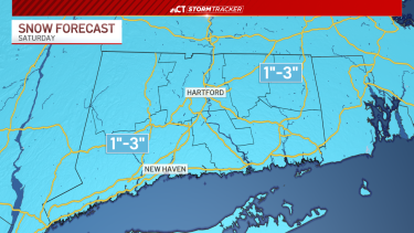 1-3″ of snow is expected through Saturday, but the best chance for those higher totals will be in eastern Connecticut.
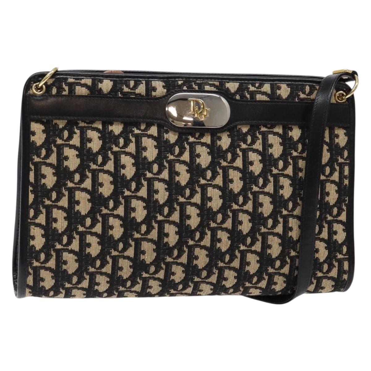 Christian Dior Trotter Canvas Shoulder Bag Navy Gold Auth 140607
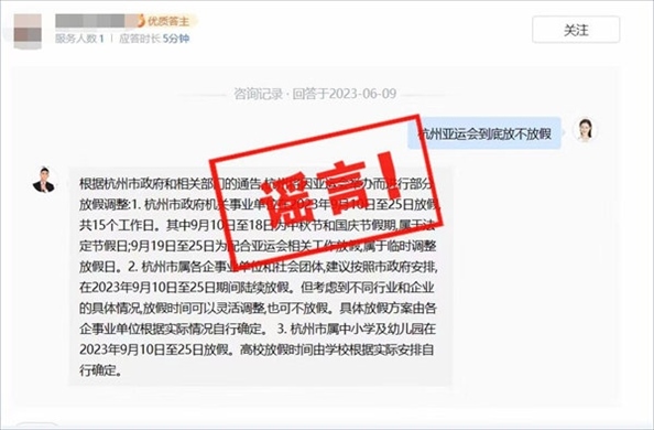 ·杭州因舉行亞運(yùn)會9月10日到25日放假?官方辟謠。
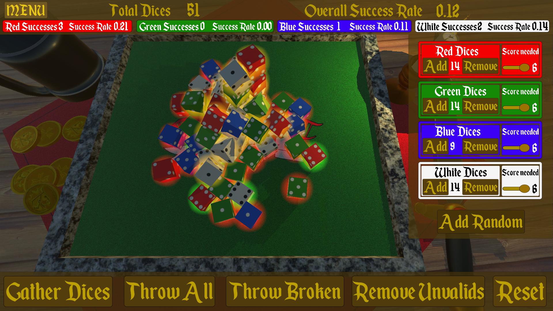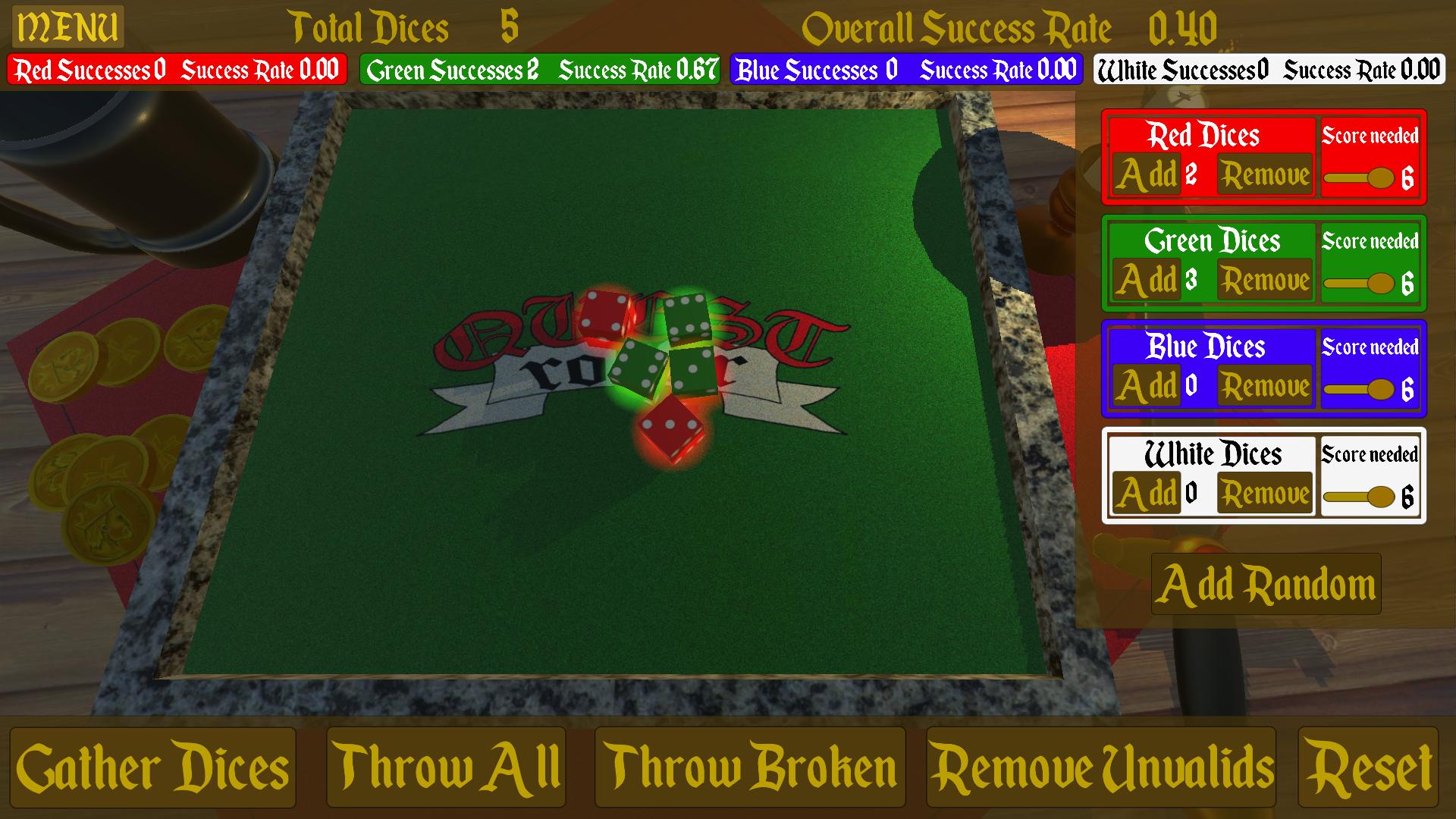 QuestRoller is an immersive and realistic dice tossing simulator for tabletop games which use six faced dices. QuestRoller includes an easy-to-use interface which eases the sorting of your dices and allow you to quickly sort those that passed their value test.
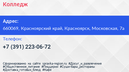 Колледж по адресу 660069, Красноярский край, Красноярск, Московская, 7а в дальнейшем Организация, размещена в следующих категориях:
* * *
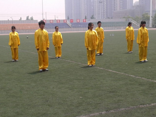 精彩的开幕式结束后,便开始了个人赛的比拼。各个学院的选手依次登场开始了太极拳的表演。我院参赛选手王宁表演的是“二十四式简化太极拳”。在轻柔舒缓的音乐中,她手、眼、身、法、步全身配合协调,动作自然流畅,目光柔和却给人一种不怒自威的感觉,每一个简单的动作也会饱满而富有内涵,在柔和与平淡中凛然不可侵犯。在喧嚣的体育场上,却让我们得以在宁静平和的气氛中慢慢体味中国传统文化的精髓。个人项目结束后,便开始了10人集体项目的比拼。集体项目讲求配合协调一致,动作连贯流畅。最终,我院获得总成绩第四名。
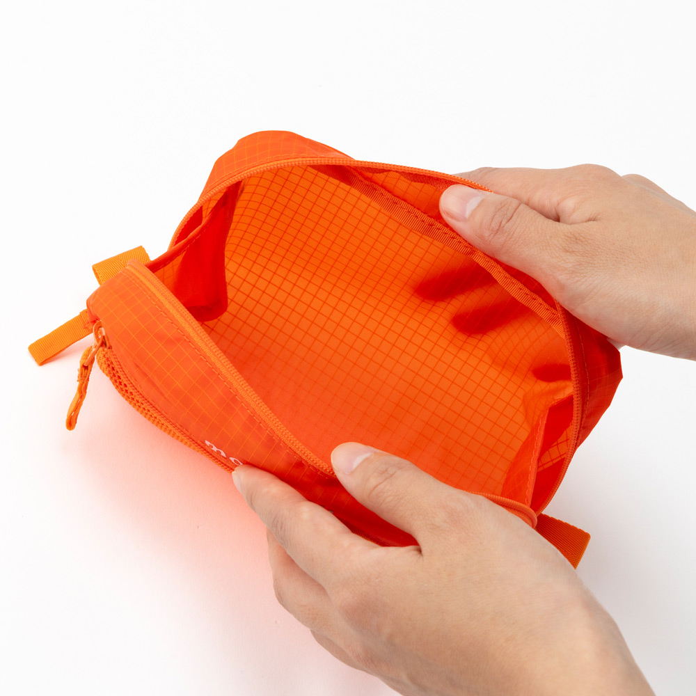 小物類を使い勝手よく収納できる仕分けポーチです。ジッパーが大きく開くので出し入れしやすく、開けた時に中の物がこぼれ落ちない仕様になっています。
* * *
• _YOUR GOAL_: When copying from the data above, print only the lines from the line containing "精彩的开幕式结束后,便开始了" to the line containing "小物類を使い勝手よく収納でき", exactly, and leave the pictures out.

• _ANSWER TO THE EXERCISE_:
 精彩的开幕式结束后,便开始了个人赛的比拼。各个学院的选手依次登场开始了太极拳的表演。我院参赛选手王宁表演的是“二十四式简化太极拳”。在轻柔舒缓的音乐中,她手、眼、身、法、步全身配合协调,动作自然流畅,目光柔和却给人一种不怒自威的感觉,每一个简单的动作也会饱满而富有内涵,在柔和与平淡中凛然不可侵犯。在喧嚣的体育场上,却让我们得以在宁静平和的气氛中慢慢体味中国传统文化的精髓。个人项目结束后,便开始了10人集体项目的比拼。集体项目讲求配合协调一致,动作连贯流畅。最终,我院获得总成绩第四名。
 小物類を使い勝手よく収納できる仕分けポーチです。ジッパーが大きく開くので出し入れしやすく、開けた時に中の物がこぼれ落ちない仕様になっています。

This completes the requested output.